In particular, the image capturing system generates a normal light image signal representing the surface of the object when the illuminating optical system emits the visible light toward the object, the image capturing system generates a fluorescent light image signal representing the surface of the object when the illuminating optical system emits the excitation light toward the object, the OCT image forming system outputs an OCT image signal representing the OCT image of the object, and the video signal generating system generates video signals based on the normal image signals, fluorescent image signals and the OCT image signals, and causes the display device to display the normal light image, the fluorescent light image and the OCT image arranged in a predetermined manner.
Preferably, the video signal generating system includes a memory corresponding to a screen of the display device, the memory storing the normal light image signal, the fluorescent light image signal and the OCT image signal.
In particular, the video signal generating system makes the display device display one of the normal light image and the fluorescent light image as an animated image, and wherein the video signal generating system makes the display device display the OCT image as an animated image.
Optionally, the video signal generating system makes the display device display the other one of the normal light image and the fluorescent light image as a still image.
Preferably, the video signal generating system makes the display device display the normal light image as a color image.
Optionally, the video signal generating system includes a cursor generating system that inserts a cursor indicating a scanning position of the scanning unit in the normal light image or the fluorescent light image.

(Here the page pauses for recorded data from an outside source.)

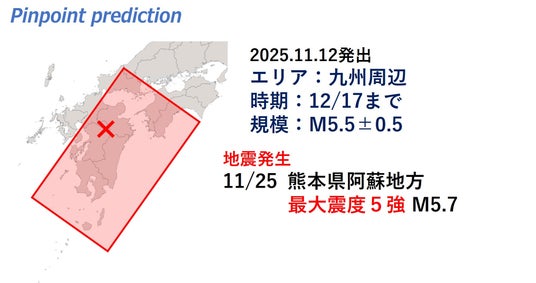 結果として、2025年11月25日に最大震度5強(マグニチュード5.7)を記録する地震が発生しました。JESEAの予測は、発生地点・時期・規模のいずれにおいても実際の地震と一致しました。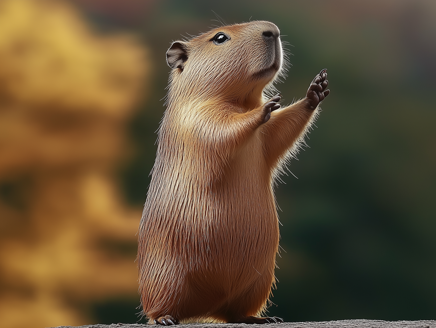 Adorable capybara standing upright with paws raised, set against a blurred natural background of warm yellow and green tones.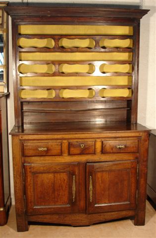 VAISSELIER rustique de forme rectangulaire en chêne mouluré. Sa partie supérieure présente trois rangs de gradins. La partie inférieure ouvre à trois tiroirs sur un rang et deux vantaux moulurés. Flancs panneautés. Pieds droits.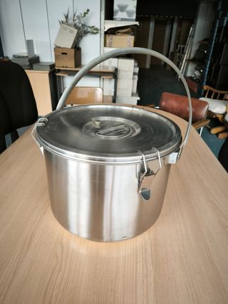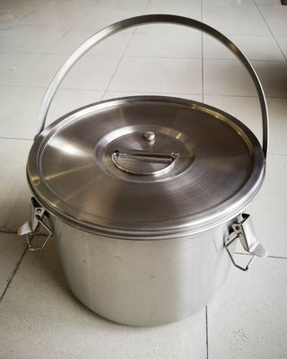 Contenedor cilíndrico de acero inoxidable con asa y tapa. Ideal pra transportes de catering. - Capacidad de 12 litros. - Construcción robusta en acero inoxidable. - Asa metálica para facilitar el transporte. - Tapa con cierre de seguridad. RECOGIDA EN MI ALMACÉN EN HORA ACORDADA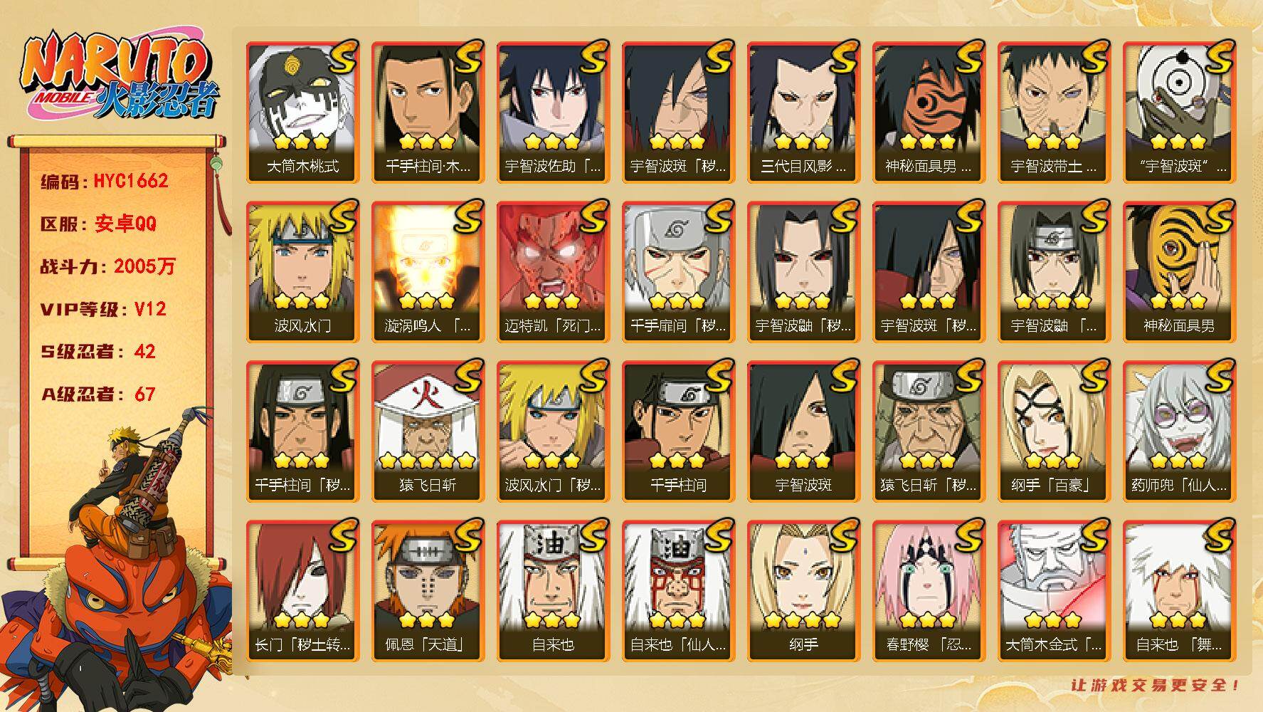 VIP等级V12/战力2005W/S忍数量42/A忍数量67/

Further optionally, the endoscope system may be provided with a visible light source that emits the visible light, an excitation light source that emits the excitation light, and a light source switching system that selectively causes the visible light and the excitation light to impinge on the illuminating optical system.
Optionally, the optical path length adjusting system moves the reflector toward/away from a tip of the second light guide to vary the optical path length from the optical coupler to the reflector via the second light guide relative to the optical path length from the optical coupler to the object via the first light guide.
In a particular case, the low-coherent light source may include a super-luminous diode.